- Poster
- Directed by: K. Rajeev Prasad
- Story by: Suresh Krissna
- Based on: Aahaa..! (Tamil)(1997)
- Produced by: Malini Subramanyam
- Starring: Prem Sarah Anant Nag
- Cinematography: S. R. Sudhakar
- Edited by: B. S. Ramesh
- Music by: Gurukiran
- Production company: Synergy Images
- Release date: April 3, 2009;
- Running time: 147 minutes
- Country: India
- Language: Kannada

= Ghauttham =

Ghauttham is a 2009 Kannada romance film directed by K. Rajeev Prasad and starring Prem and Sarah in the lead roles with Kokila Mohan, Sudharani and Ananth Nag in other pivotal roles.

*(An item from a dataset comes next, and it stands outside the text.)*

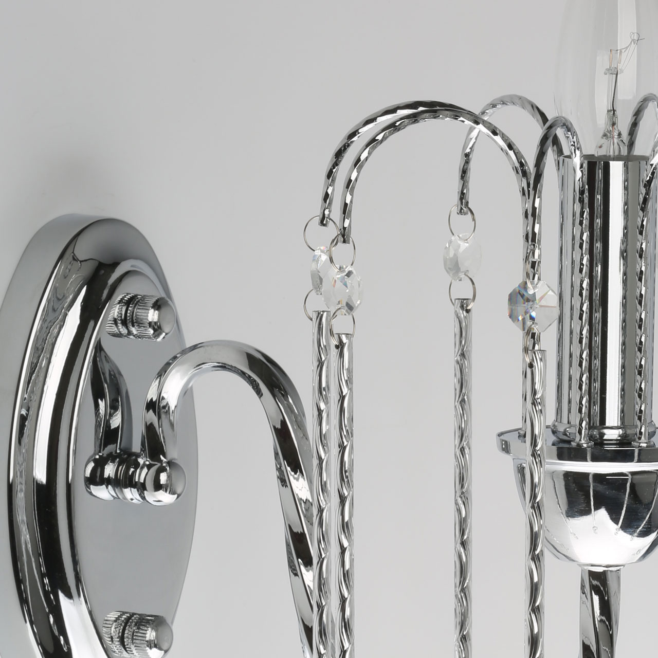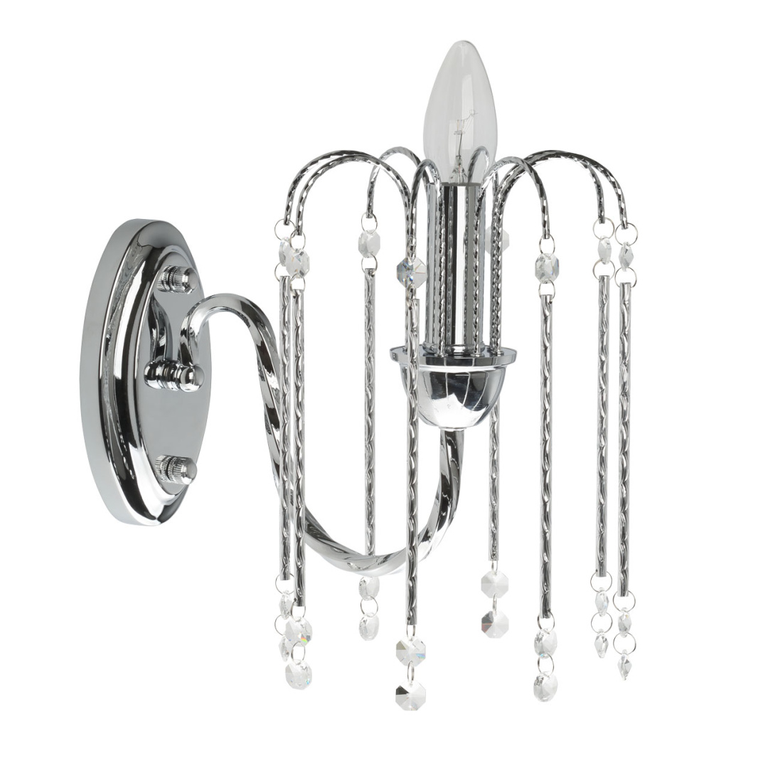 Металлическое основание бра гальванизировано в цвет хрома. Витой рожок выполнен по технологии твист. Вертикальное бра декорировано прозрачным хрусталем высокого качества и витыми элементами из сплава алюминия с лазерной насечкой.

The film is a remake of the Tamil film Aahaa..! (1997) directed by Suresh Krissna.

==Soundtrack==
The film's score and soundtrack was composed by Gurukiran.

Track listing
| No. | Title | Singer(s) | Length |
|---|---|---|---|
| 1. | "Yaara Magalu Ivalu" | Gurukiran, Lakshmi Nagaraj |  |
| 2. | "Shuruvagide Olage" | Suresh Wadkar |  |
| 3. | "Rangavittala" | Aniruddh, Chaitra H. G. |  |
| 4. | "Ammo Ammo" | Gurukiran, Chaitra H. G. |  |
| 5. | "Kabul Drakshi" | Karthik, Anuradha Sriram |  |

== Critical reception ==
R. G. Vijayasarathy of Rediff.com scored the film at 2.5 out of 5 stars, lauding the various cast performances and said, "Despite its dragging moments and predictable story line, Gauththam is a neat family entertainer". A critic from Sify wrote  "Gurukiran is good in three tunes for the film and the other beauty of the film is the camera work by Sudhakar. Every frame of the film is gleeful. This is an above average film". A critic from The Times of India rated the film 3.5 out of 5 stars and wrote, "Debutant director K Rajiv Prasad has selected a good family story with a fresh script, excellent narration and good command over sequences. The story is close to the heart and moves fast without a dull moment, keeping everyone guessing".